# Provided material
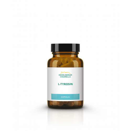Tyrosin ist eine nichtessentielle proteinogene Aminosäure. Sie wird im Körper mithilfe unterschiedlicher Enzyme für die Synthese zahlreicher Hormone und Neutransmitter verwendet. Dazu zählen beispielsweise die Schilddrüsenhormone Triiodthyronin und Thyroxin, das Hautpigment Melanin sowie die Hormone Noradrenalin und Adrenalin, die wir dringend für das Erbringen von Höchstleistungen benötigen. Die Kapseln enthalten GMO-freies Tyrosin, das mittels Fermentation aus Mais gewonnen wurde.
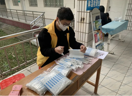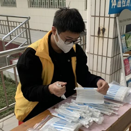 在疫情防控的关键时期,周凌锋同学挺身而出,主动担任学校志愿者,帮助开展核酸检测和接种疫苗工作。
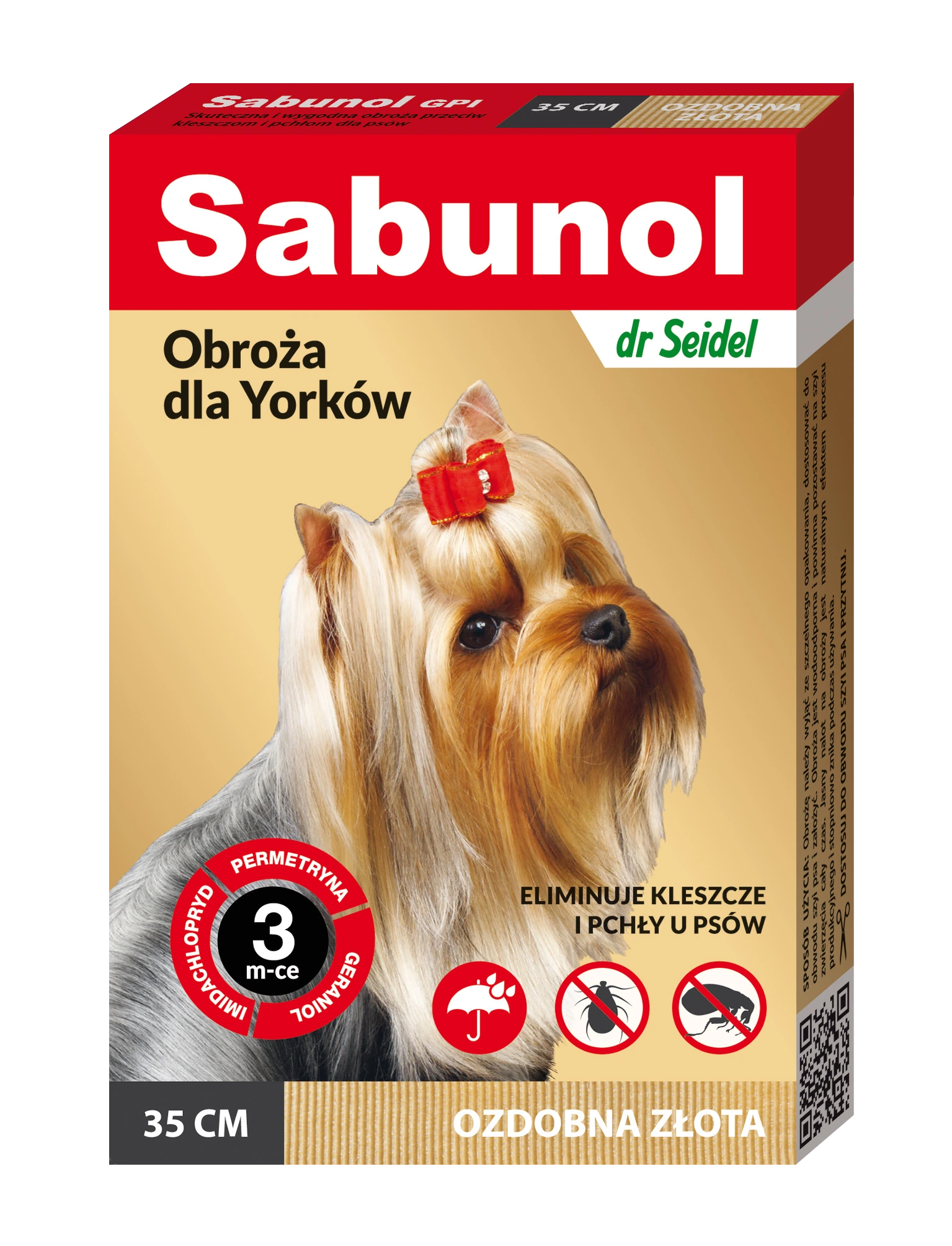 SABUNOL OBROŻA OWADOBÓJCZA DLA YORKÓW 35 CM ELIMINUJE KLESZCZE I PCHŁY U PSÓW DO 3 MIESIĘCY TOTALNEJ OCHRONY   ✅ skuteczna na pchły i kleszcze ✅ chroni nawet do 90 dni ✅ niszczy jaja i larwy ✅ odporna na działanie wilgoci ✅ zawiera 3 substancje czynne ✅ obroża ozdobna złota OPIS PRODUKTU SABUNOL to nowoczesna obroża przeciw kleszczom i pchłom...
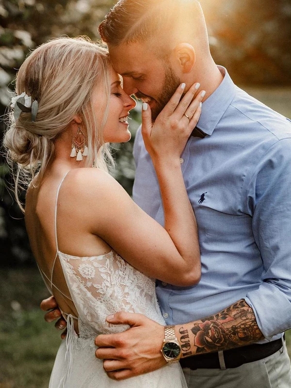 Modest A-Line V Neck Spaghetti Straps Tulle Lace Wedding Dresses with Train
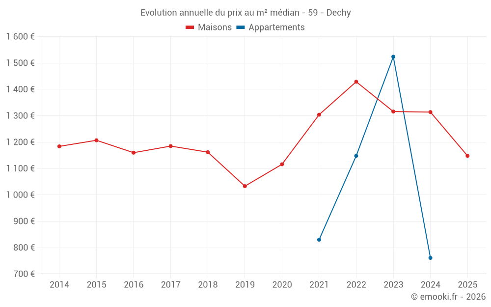 Le prix médian sur les 19 transactions de maisons des 6 derniers mois dans la commune de Dechy était de 1 148 € par mètre carré pour une valeur foncière médiane de 100 000 €. Sur cette période 60% des transactions se sont situées entre 927 et 1 532 € par mètre carré (du 2ème au 8ème déciles).
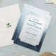 Um convite de casamento elegante e azul de aquarela que é excelente para qualquer época do ano. Um design moderno e clássico.
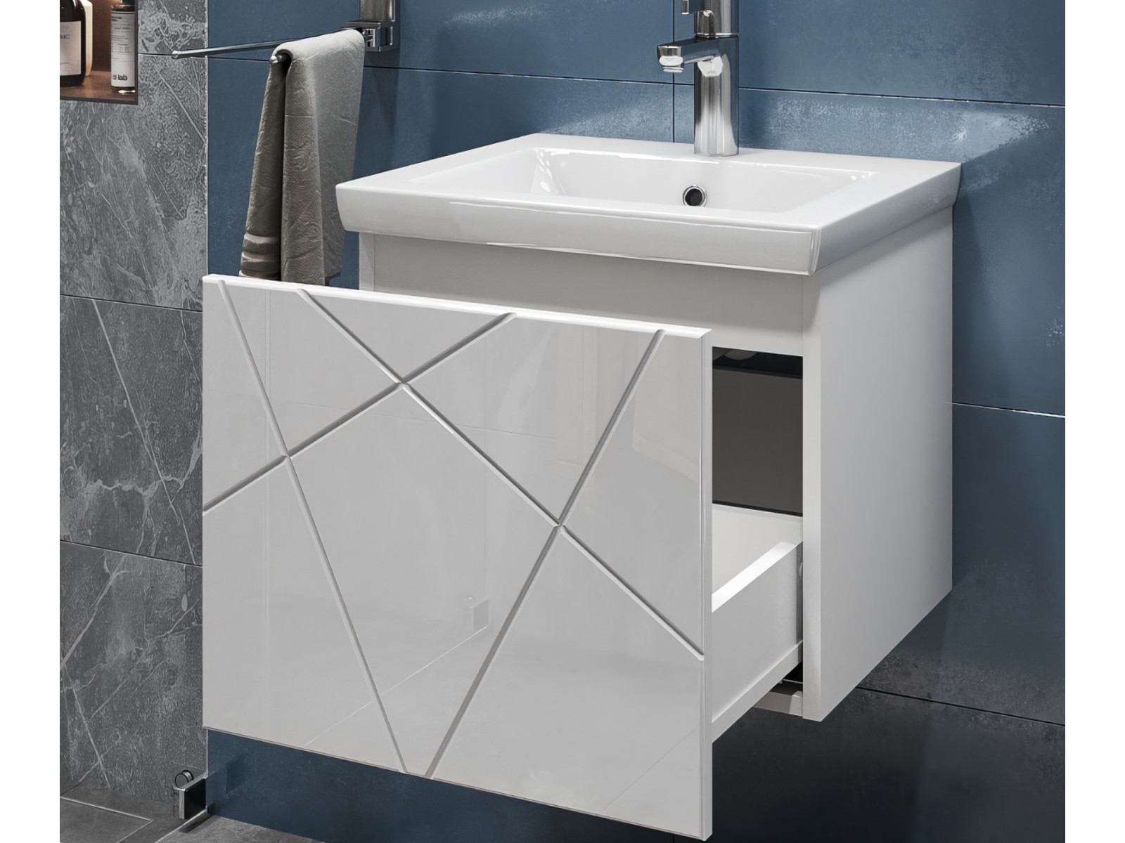 Оснащение: 1 выдвижной ящик, направляющие скрытого монтажа, открывание нажатием "push-to-open", 2 навеса, 1 сифон
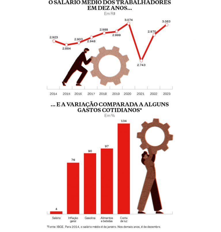 Vem aí o 1° de Maio e os 100 milhões de trabalhadores brasileiros têm pouco a comemorar. A taxa de desemprego está nos menores níveis vistos recentemente no País, entre 7,5% e 8%, mas o salário médio permanece o mesmo há uma década, o que significa empobrecimento e um cotidiano bem mais duro. Em janeiro de 2014, a renda mensal média de quem vivia do trabalho era de 2.923 reais. Em dezembro de 2023, de 3.063 reais, 4% a mais. Nesse período de dez anos, o valor oscilou entre 2,8 mil e 3,1 mil. A inflação geral (IPCA) no período foi de 76%. A gasolina subiu 90%. Alimentos e bebidas, 97%. A conta de luz, 134%. “Essa perda de poder de compra é uma dimensão não visível no salário médio. Produz um brutal arrocho. O orçamento não cabe dentro do salário”, diz o sociólogo e consultor para temas trabalhistas Clemente Ganz Lúcio, ex-diretor do Dieese, o Departamento Intersindical de Estatística e Estudos Socioeconômicos.
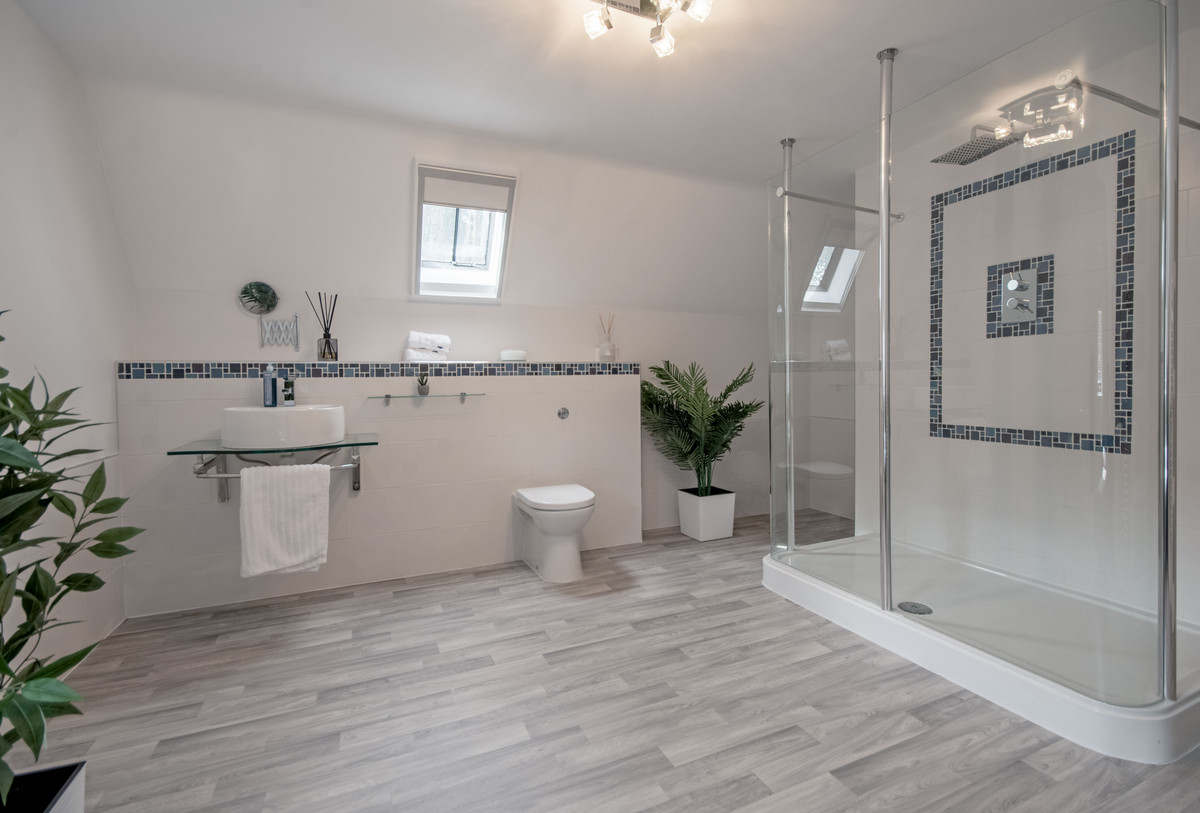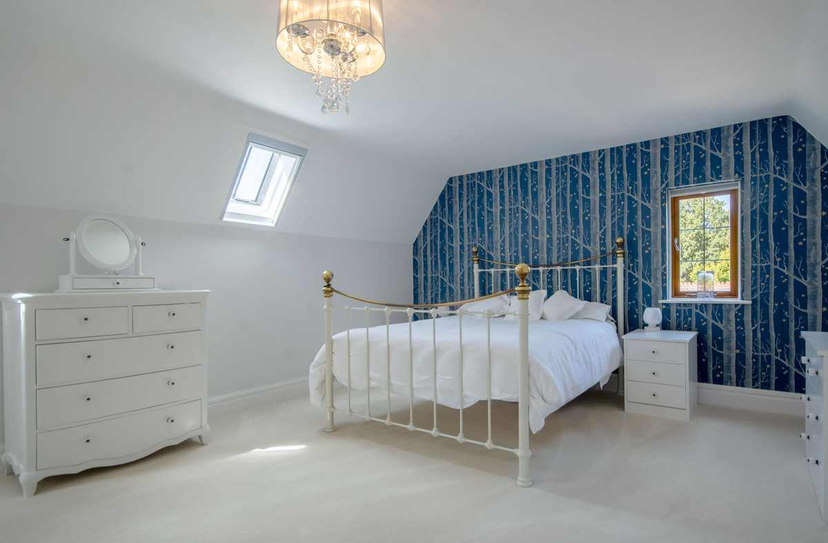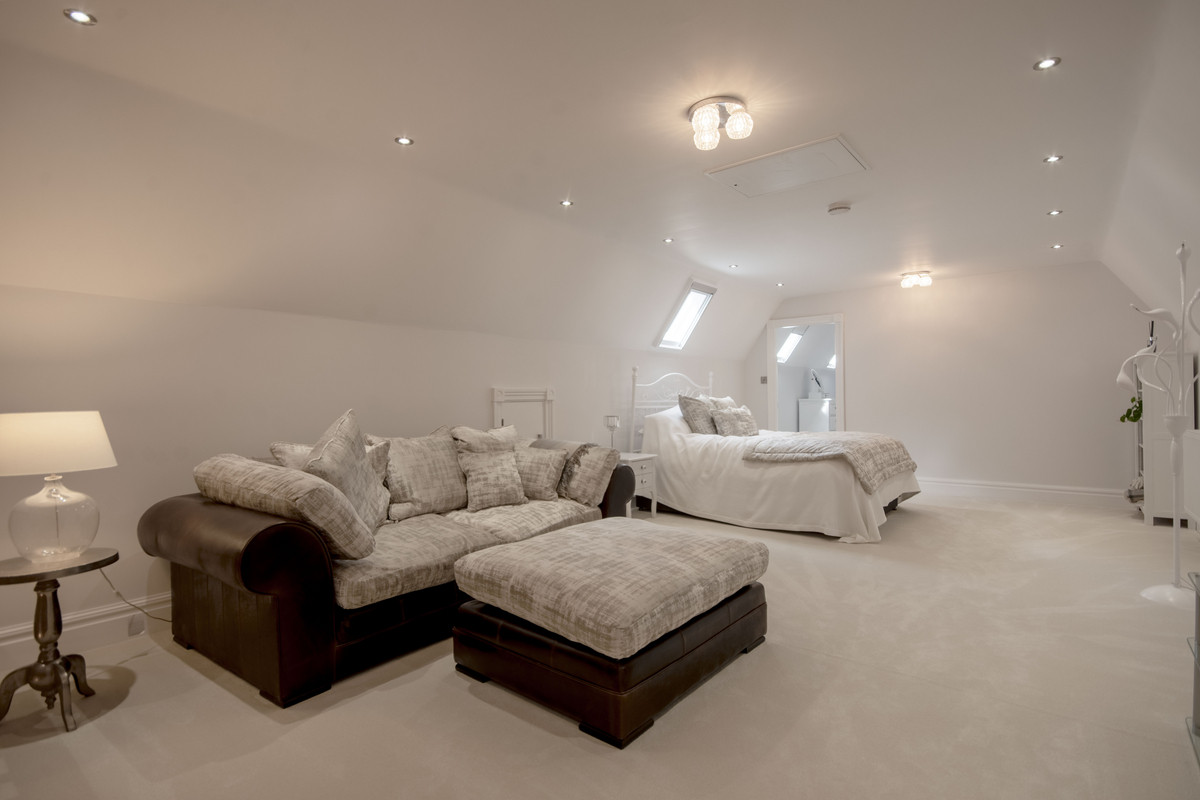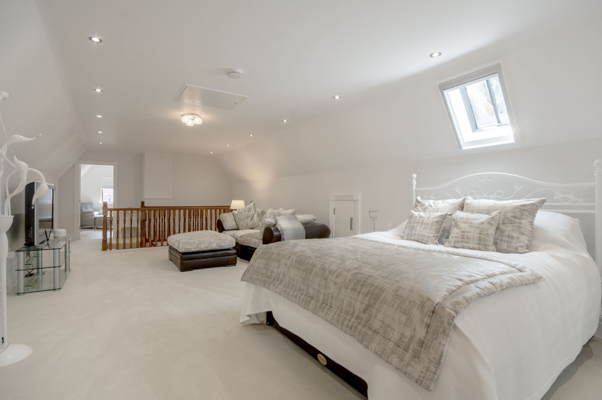 The top floor is perfectly suited to older children, guests, or extended family, offering a generous dual aspect bedroom with fitted furniture, a large lounge area with eaves storage, and a spacious en-suite shower room.

# Activity
Exactly the lines starting at the one above with "Le prix médian" and ending at the one with "Um convite de" should be printed, and nothing else. Omit the pictures.

# Your solution
 Le prix médian sur les 19 transactions de maisons des 6 derniers mois dans la commune de Dechy était de 1 148 € par mètre carré pour une valeur foncière médiane de 100 000 €. Sur cette période 60% des transactions se sont situées entre 927 et 1 532 € par mètre carré (du 2ème au 8ème déciles).
 Um convite de casamento elegante e azul de aquarela que é excelente para qualquer época do ano. Um design moderno e clássico.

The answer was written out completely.